:: Extracted material

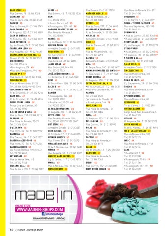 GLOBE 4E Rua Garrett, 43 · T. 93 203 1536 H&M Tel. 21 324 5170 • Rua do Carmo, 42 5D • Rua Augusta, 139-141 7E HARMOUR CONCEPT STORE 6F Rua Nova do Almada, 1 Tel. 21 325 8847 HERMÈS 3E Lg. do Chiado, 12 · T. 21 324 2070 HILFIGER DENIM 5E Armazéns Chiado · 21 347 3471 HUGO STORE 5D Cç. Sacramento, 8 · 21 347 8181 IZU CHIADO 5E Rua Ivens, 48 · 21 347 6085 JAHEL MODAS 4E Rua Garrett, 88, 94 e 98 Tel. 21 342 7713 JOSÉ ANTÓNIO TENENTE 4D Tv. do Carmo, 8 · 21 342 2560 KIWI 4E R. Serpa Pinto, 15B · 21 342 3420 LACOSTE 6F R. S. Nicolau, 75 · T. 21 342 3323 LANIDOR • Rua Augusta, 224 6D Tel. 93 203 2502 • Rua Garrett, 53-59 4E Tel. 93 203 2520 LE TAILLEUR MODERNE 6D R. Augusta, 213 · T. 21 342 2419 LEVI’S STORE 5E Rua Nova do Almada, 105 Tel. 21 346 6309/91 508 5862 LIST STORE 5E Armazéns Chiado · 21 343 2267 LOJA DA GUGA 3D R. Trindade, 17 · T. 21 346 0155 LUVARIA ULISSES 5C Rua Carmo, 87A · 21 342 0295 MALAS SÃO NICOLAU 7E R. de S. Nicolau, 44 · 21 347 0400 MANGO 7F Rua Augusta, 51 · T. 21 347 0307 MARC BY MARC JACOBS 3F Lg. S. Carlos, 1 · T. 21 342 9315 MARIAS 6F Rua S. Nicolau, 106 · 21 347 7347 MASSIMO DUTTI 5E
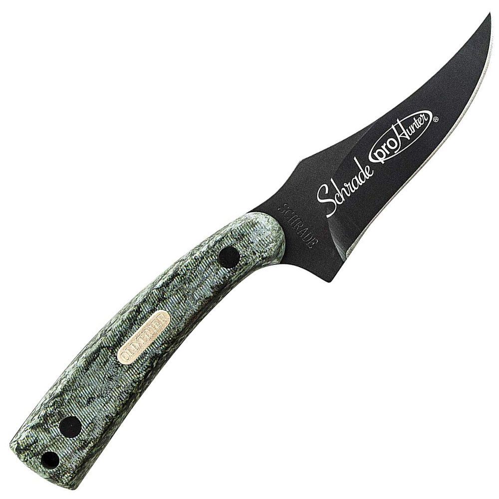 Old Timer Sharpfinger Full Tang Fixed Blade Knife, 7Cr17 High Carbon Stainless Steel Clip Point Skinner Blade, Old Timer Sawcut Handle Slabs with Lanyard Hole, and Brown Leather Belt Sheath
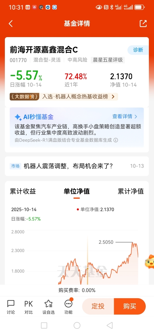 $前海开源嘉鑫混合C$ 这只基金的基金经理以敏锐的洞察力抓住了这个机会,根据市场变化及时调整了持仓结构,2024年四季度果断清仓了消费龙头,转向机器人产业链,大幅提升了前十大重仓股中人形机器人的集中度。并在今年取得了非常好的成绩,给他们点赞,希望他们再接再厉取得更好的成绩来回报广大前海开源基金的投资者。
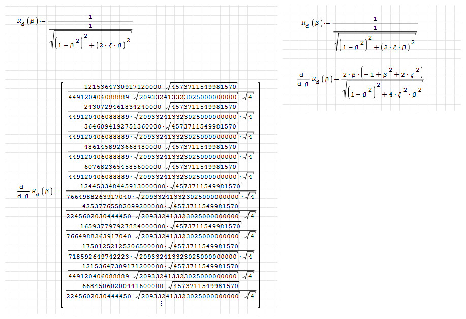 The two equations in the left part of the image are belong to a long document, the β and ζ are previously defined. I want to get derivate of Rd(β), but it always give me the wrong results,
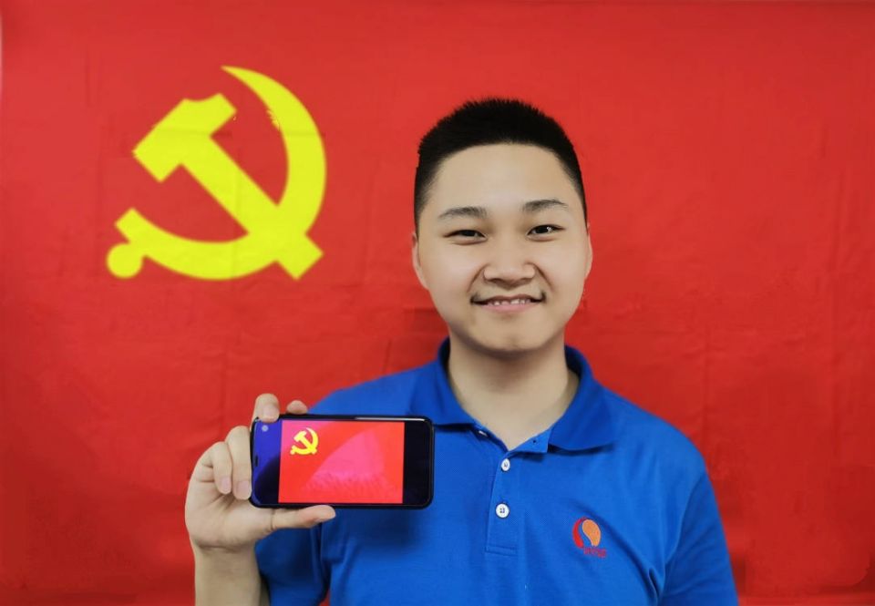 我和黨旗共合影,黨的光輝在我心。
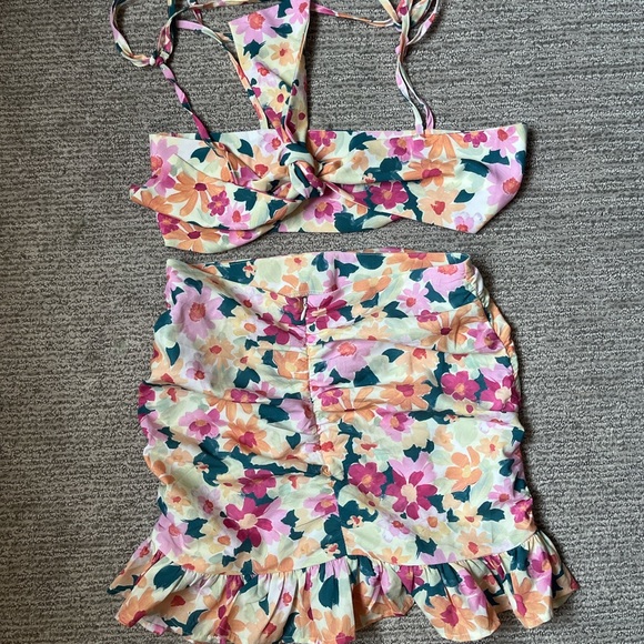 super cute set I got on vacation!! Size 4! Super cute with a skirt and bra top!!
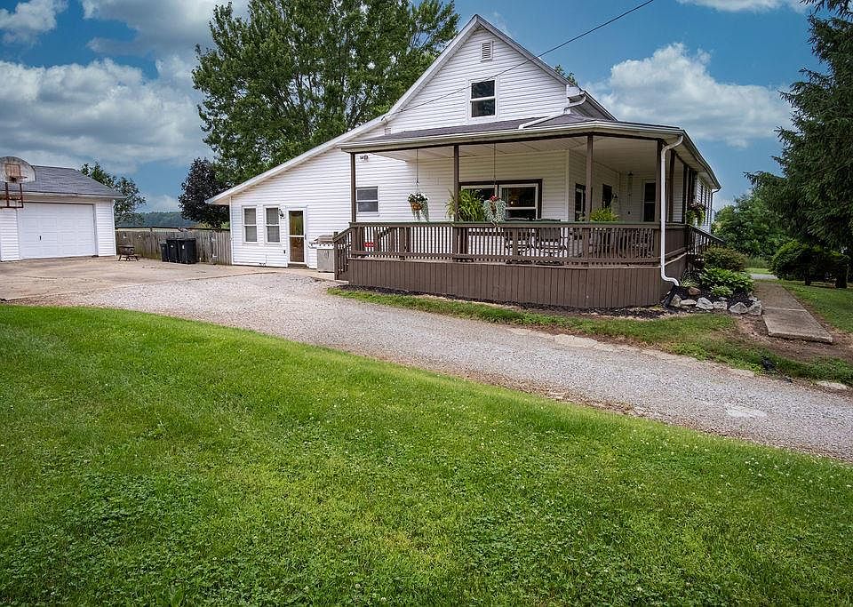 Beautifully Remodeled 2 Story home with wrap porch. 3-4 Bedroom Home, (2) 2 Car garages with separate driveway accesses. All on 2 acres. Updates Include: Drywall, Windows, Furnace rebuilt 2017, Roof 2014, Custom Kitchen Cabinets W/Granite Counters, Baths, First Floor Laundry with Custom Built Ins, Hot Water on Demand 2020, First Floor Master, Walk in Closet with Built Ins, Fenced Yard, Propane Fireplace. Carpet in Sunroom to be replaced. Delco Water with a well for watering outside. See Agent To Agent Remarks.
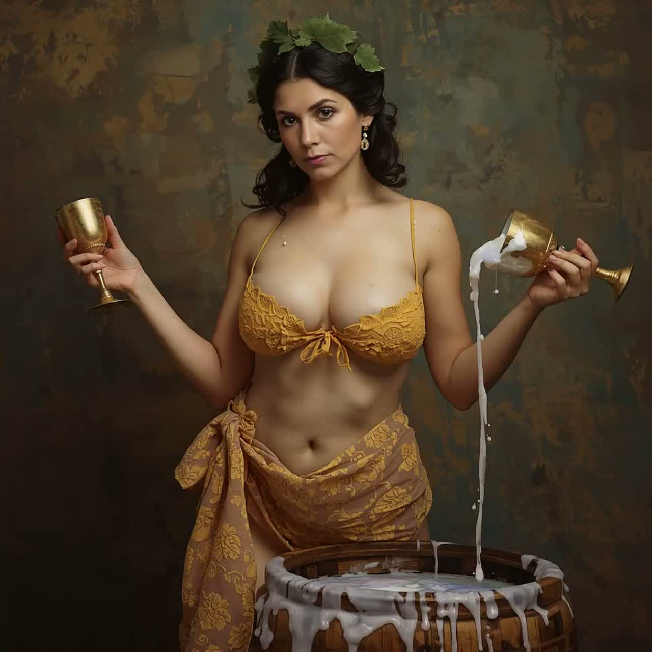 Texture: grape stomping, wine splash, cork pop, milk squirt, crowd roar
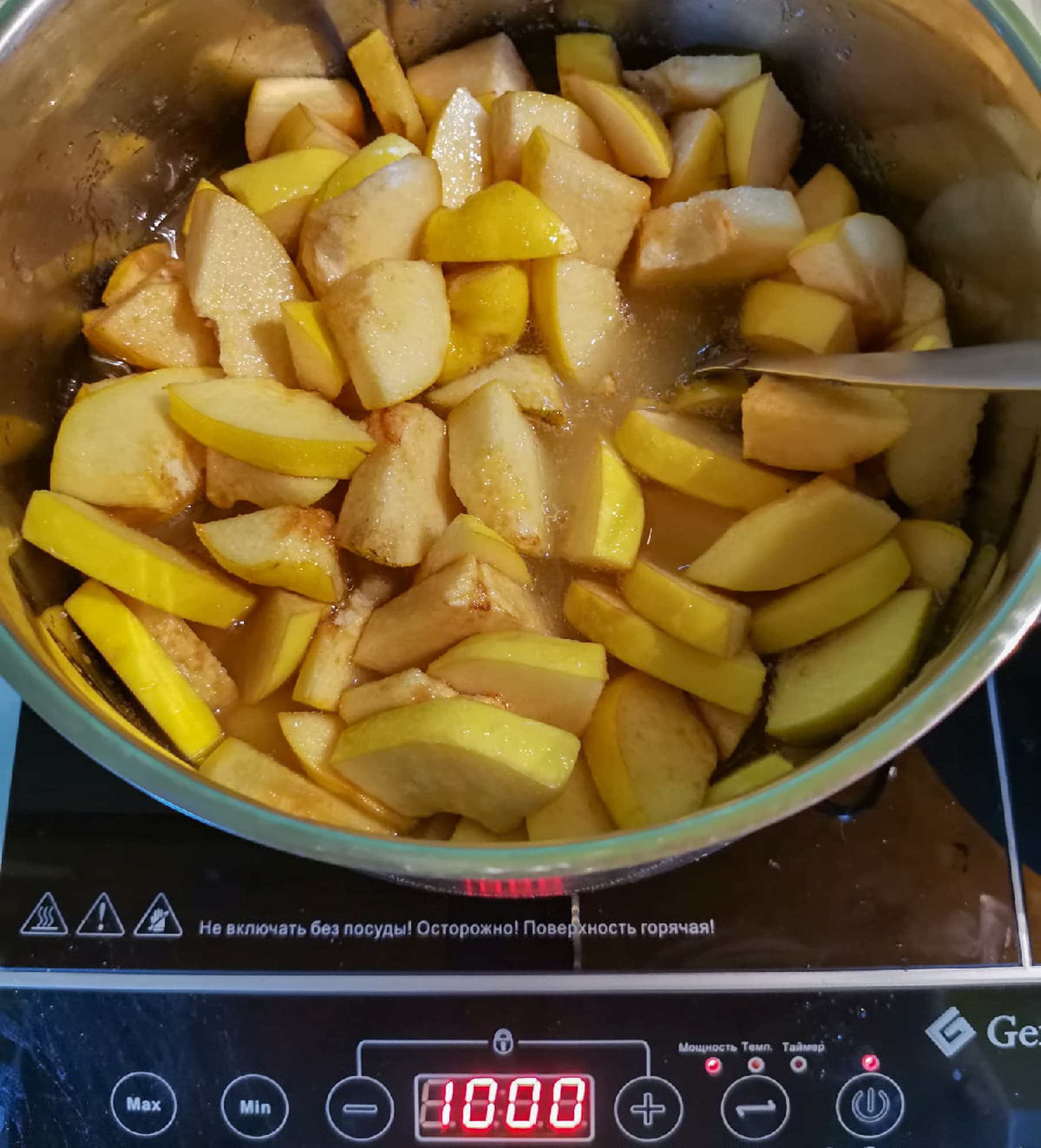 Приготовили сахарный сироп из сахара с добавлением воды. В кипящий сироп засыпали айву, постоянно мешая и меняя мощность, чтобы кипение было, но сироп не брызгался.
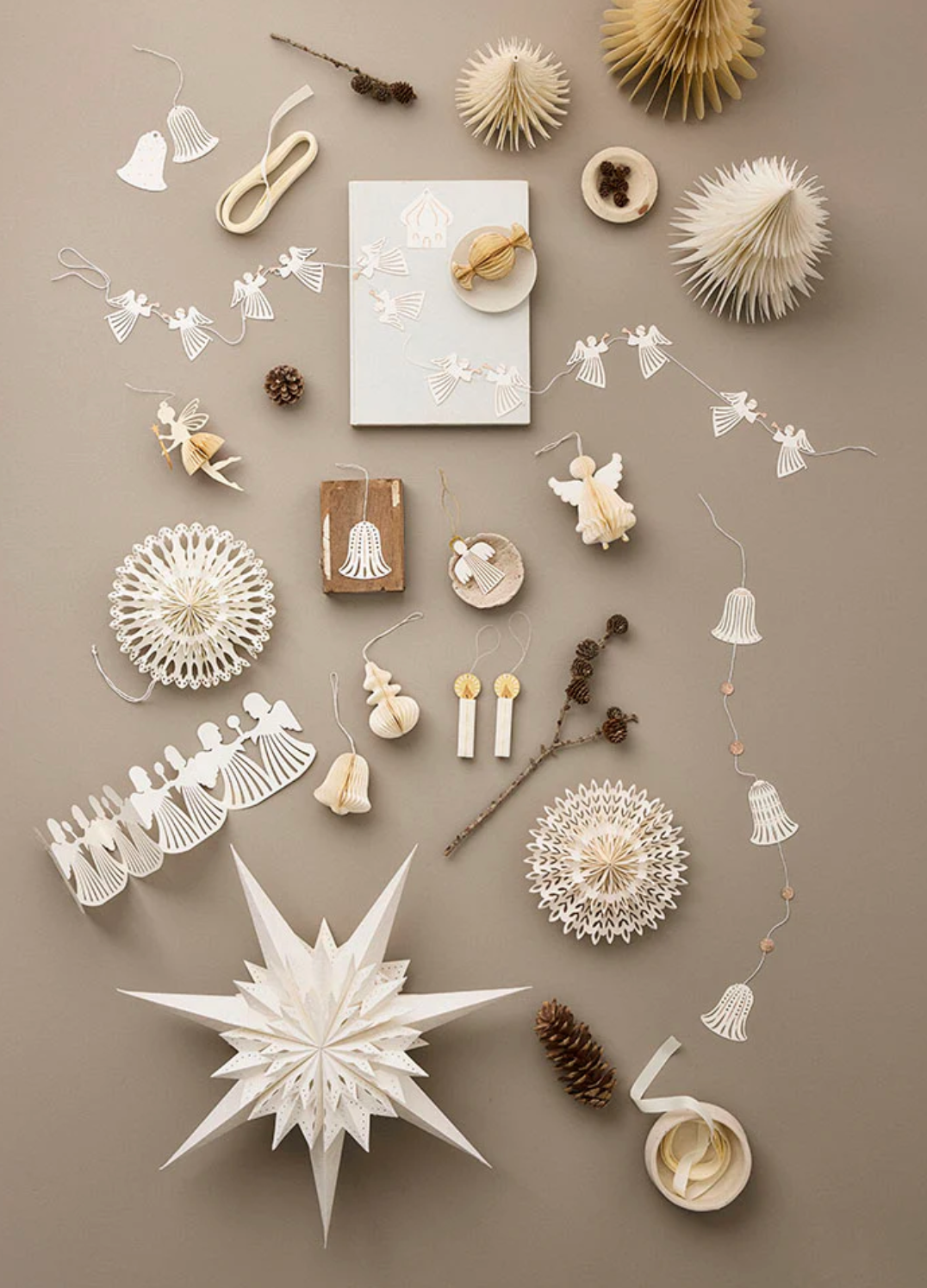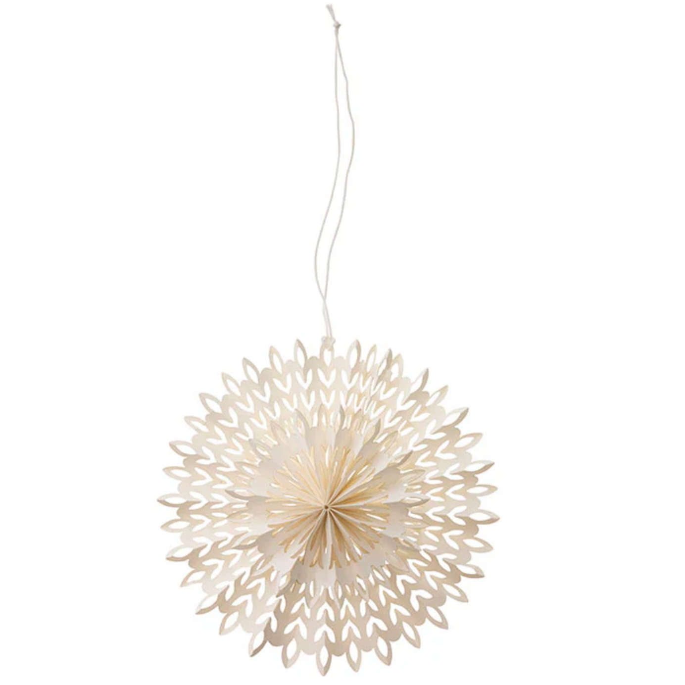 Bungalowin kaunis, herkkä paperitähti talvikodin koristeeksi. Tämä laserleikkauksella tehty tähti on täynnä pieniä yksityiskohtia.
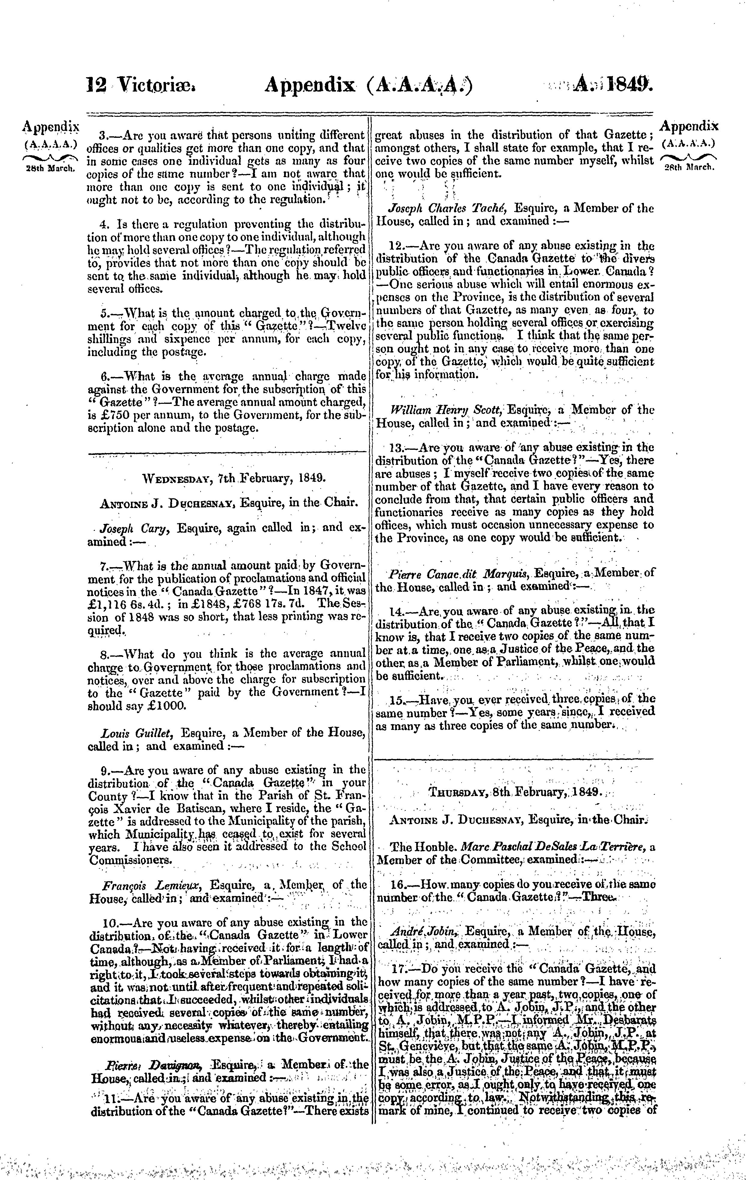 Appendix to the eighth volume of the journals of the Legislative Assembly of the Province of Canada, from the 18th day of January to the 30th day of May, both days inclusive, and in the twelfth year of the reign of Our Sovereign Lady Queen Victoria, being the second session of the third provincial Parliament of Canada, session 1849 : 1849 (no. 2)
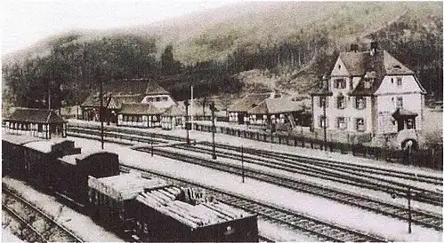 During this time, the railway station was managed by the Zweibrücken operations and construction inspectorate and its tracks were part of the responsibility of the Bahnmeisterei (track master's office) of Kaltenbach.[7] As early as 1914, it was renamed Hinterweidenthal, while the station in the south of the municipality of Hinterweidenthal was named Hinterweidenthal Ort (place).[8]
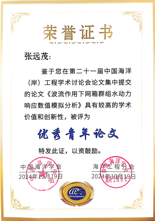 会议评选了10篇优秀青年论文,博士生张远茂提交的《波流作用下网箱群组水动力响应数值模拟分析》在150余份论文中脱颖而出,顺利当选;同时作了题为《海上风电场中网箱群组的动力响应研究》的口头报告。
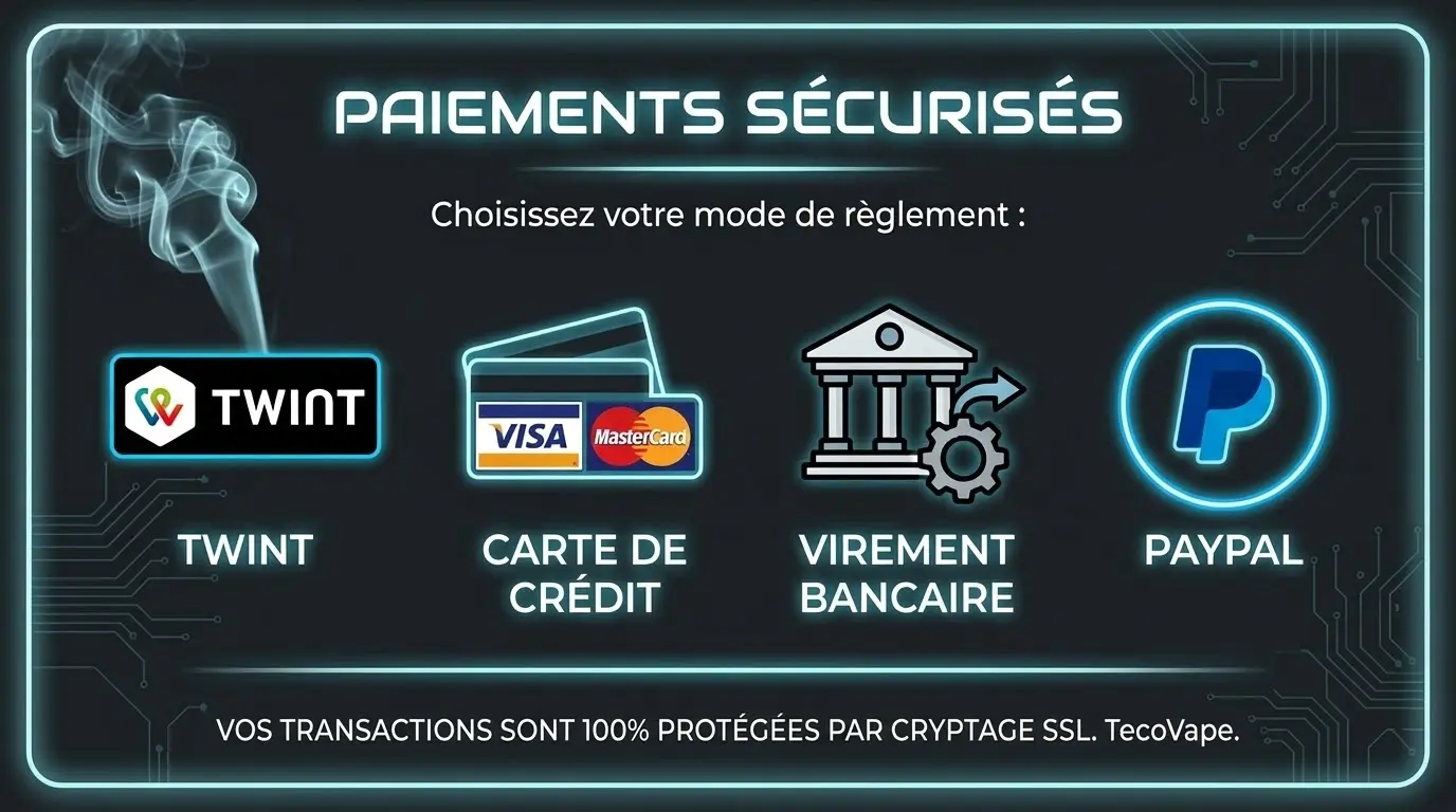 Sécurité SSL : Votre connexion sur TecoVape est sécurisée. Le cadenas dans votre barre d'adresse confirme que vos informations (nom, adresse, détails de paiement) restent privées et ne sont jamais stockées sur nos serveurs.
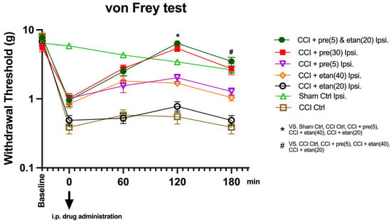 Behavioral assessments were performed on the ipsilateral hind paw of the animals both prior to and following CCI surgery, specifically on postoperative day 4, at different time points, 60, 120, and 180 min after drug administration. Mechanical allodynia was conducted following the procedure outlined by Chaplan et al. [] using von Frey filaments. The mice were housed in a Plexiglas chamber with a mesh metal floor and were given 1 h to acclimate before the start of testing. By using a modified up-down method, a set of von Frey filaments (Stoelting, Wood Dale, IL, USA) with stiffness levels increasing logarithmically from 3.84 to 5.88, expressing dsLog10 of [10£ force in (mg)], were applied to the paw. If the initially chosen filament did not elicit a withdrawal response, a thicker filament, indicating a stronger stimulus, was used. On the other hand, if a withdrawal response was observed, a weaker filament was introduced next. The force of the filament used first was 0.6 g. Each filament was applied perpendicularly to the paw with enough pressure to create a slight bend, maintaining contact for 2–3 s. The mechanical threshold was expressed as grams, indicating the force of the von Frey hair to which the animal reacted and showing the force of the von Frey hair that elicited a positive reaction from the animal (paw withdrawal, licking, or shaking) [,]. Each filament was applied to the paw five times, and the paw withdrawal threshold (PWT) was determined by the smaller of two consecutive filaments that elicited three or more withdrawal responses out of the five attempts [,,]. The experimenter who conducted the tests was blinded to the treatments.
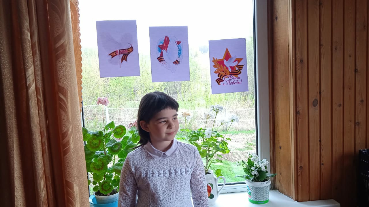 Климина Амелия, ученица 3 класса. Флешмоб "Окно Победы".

::::

#### Your objective:
Starting at the line containing "Beautifully Remodeled 2" and finishing at the line containing "During this time, the", return those lines exactly as they appear above, without the pictures.

#### Answer:
 Beautifully Remodeled 2 Story home with wrap porch. 3-4 Bedroom Home, (2) 2 Car garages with separate driveway accesses. All on 2 acres. Updates Include: Drywall, Windows, Furnace rebuilt 2017, Roof 2014, Custom Kitchen Cabinets W/Granite Counters, Baths, First Floor Laundry with Custom Built Ins, Hot Water on Demand 2020, First Floor Master, Walk in Closet with Built Ins, Fenced Yard, Propane Fireplace. Carpet in Sunroom to be replaced. Delco Water with a well for watering outside. See Agent To Agent Remarks.
 Texture: grape stomping, wine splash, cork pop, milk squirt, crowd roar
 Приготовили сахарный сироп из сахара с добавлением воды. В кипящий сироп засыпали айву, постоянно мешая и меняя мощность, чтобы кипение было, но сироп не брызгался.
 Bungalowin kaunis, herkkä paperitähti talvikodin koristeeksi. Tämä laserleikkauksella tehty tähti on täynnä pieniä yksityiskohtia.
 Appendix to the eighth volume of the journals of the Legislative Assembly of the Province of Canada, from the 18th day of January to the 30th day of May, both days inclusive, and in the twelfth year of the reign of Our Sovereign Lady Queen Victoria, being the second session of the third provincial Parliament of Canada, session 1849 : 1849 (no. 2)
 During this time, the railway station was managed by the Zweibrücken operations and construction inspectorate and its tracks were part of the responsibility of the Bahnmeisterei (track master's office) of Kaltenbach.[7] As early as 1914, it was renamed Hinterweidenthal, while the station in the south of the municipality of Hinterweidenthal was named Hinterweidenthal Ort (place).[8]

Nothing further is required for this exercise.